I’m burnt out.
Simple as that. There’s no point in me weighing my words or giving this post a funny little introduction. Because there ain’t nothing funny about this. Those three words can’t, to me, be spun into something they’re not.
It’s important for me to write it down as plainly as this. It’s important in times like this, when health both mental and physical are collaborating to create a giant and painful fog around me, that I write it down like this. It’s like sending myself a semaphore message though the fog – a Norman-from-Bake-Off-esque missive in written form, which I can come back to and read so I can remind myself that this is what’s going on.

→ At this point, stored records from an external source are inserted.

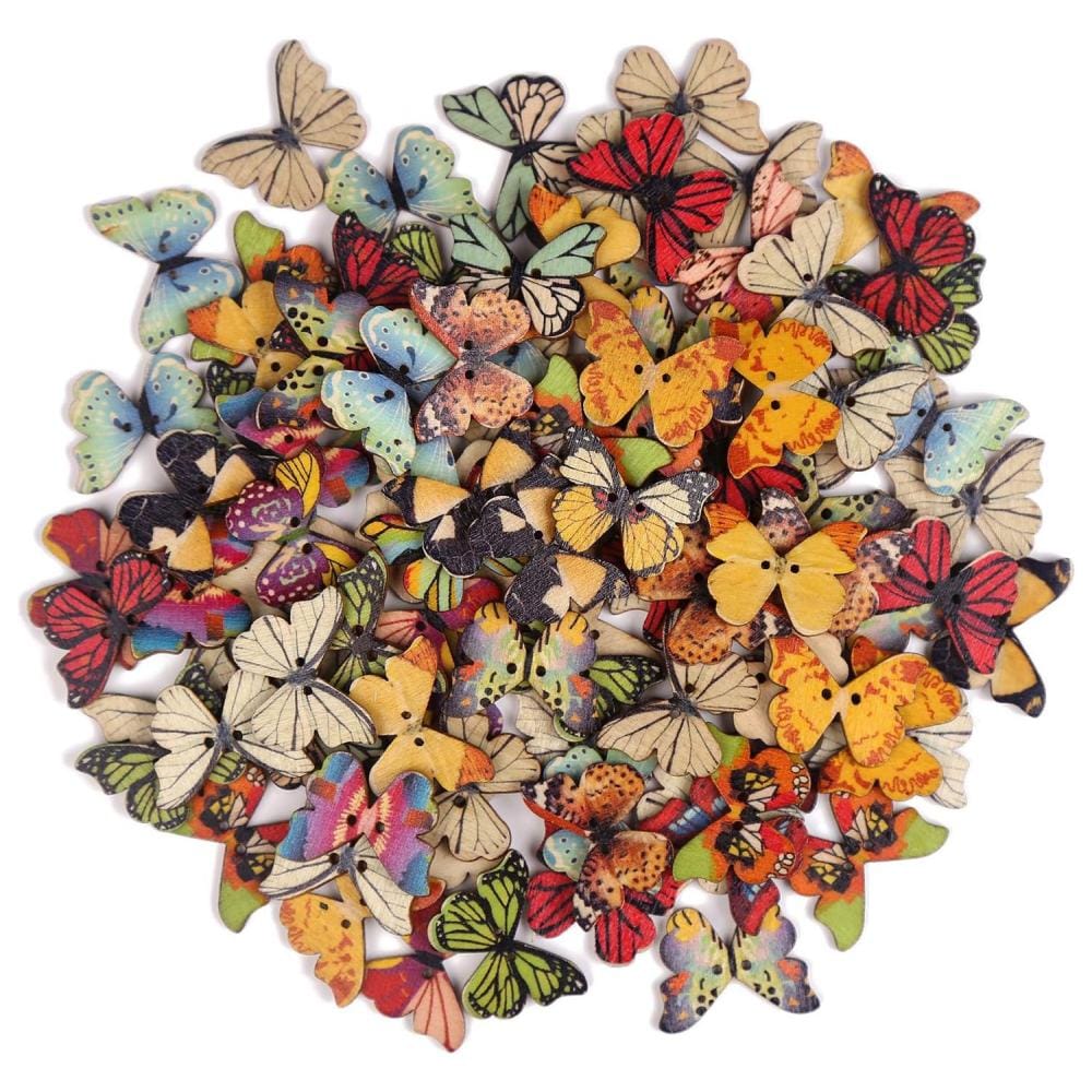 Zestaw 100 guzików: Otrzymujesz aż 100 sztuk kolorowych, drewnianych guzików w kształcie motylków. To wystarczająco dużo, by ozdobić wiele projektów rękodzielniczych czy ubrań.
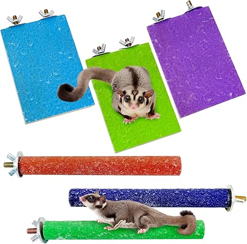 BNOSDM Sugar Glider Toys Wood 6 Pcs Hamster Climbing Cage Steps with Colorful Sand Sharpening Claws Platform Small Animal Scratching Snadpaper for Cages Suitable for Squirrels Chinchillas Rats
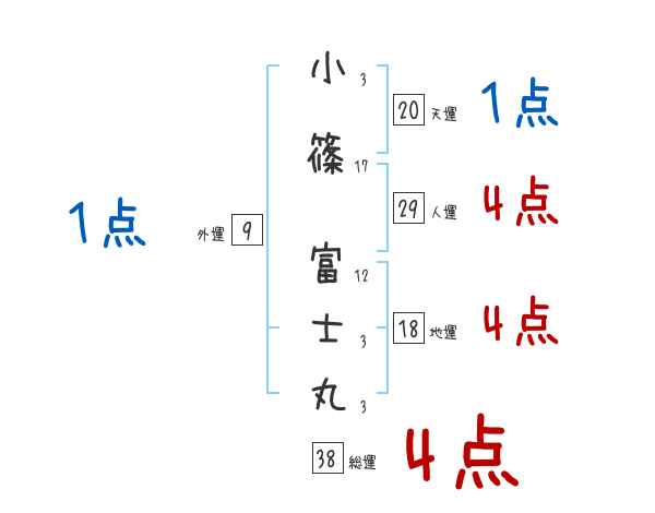 人運![]() | 小篠富士丸さんの人運は29画の4つ星!完全主義で才能がある。厳格な心の持ち主。 性格や才能などを表す2番目に重要な運勢です。人間関係や協調性、社会的な成功に影響します。主に20歳から50歳ぐらいまでの中年期の運勢を表します。 |
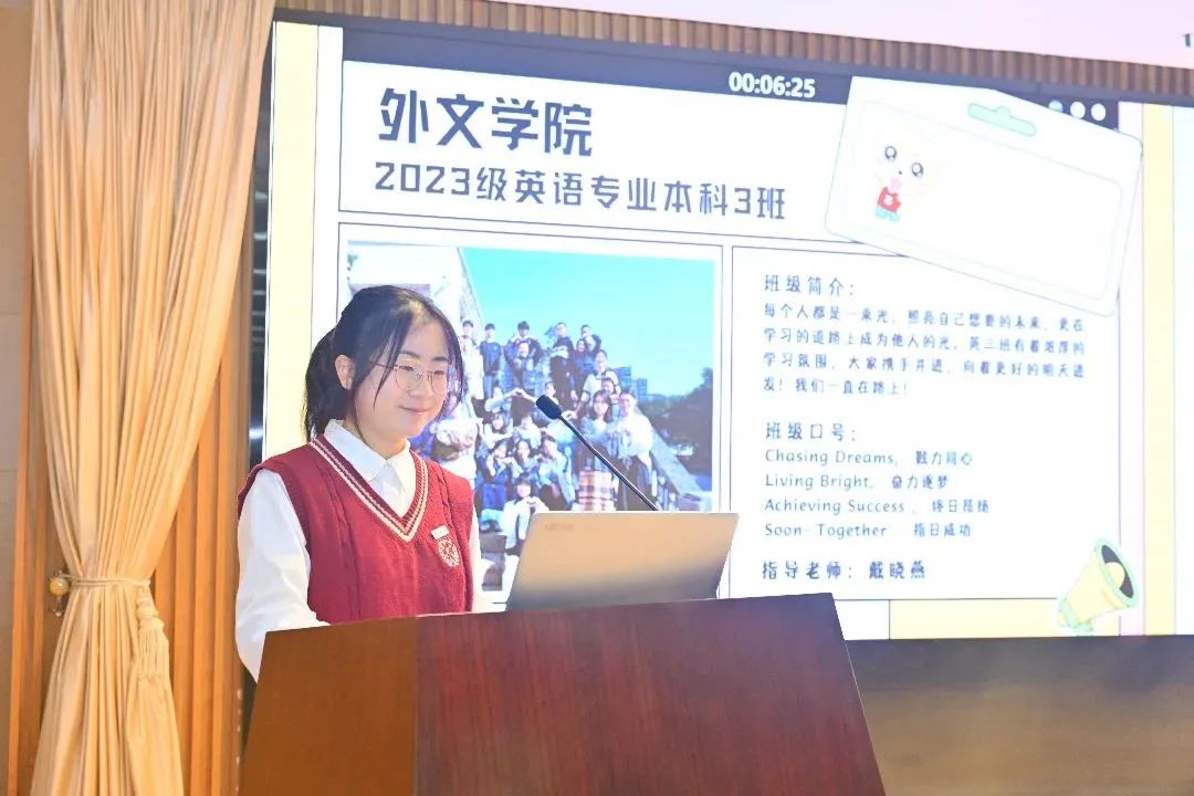 为深入学习贯彻习近平新时代中国特色社会主义思想,健全网络育人综合治理体系,多渠道、全方面展示班级风采,学校于2023年11月-12月举办2023年“网络文明班级”评选活动。学院2023级全体本科班级积极参与,认真备赛,开展学习团建等活动,团结一致,凝聚力量。决赛现场,入围班级以演讲、表演等多种形式全方位展示班级特色风采和文化,体现了外文学子的蓬勃朝气与学院班风建设成果。

It helps. Just like I use Spoon Theory to express how this feels to others, this is how I express myself to… well, ehm… myself. I am burnt out. And it’s okay to sit down and re-evaluate for a second. Take breaths. Relax shoulders. Rest and sit with self in some weird form of peace.
I’m writing this down now because in the last few days especially, I have been angry with myself for not “being more productive”. Full on, red-hot, how-dare-you-you-silly-shit rage. Which in itself is completely anti-productive as it sends you into this weird cycle of apologising to yourself for no reason as you go into overdrive trying to keep up with doing everything this anger is telling you you’re “meant” to be doing but aren’t doing. “Meant” to be doing is the key here – because your brain will start making shit up that really isn’t essential or time sensitive or something and then it’ll start shouting at you because this thing that isn’t of the essence/deadline-sensitive is something you should have already done. Twice.
I’m burnt out. Day job, tiring brain, tiring body, Weird Cycle of Shit I’m Supposedly Meant To Be Doing.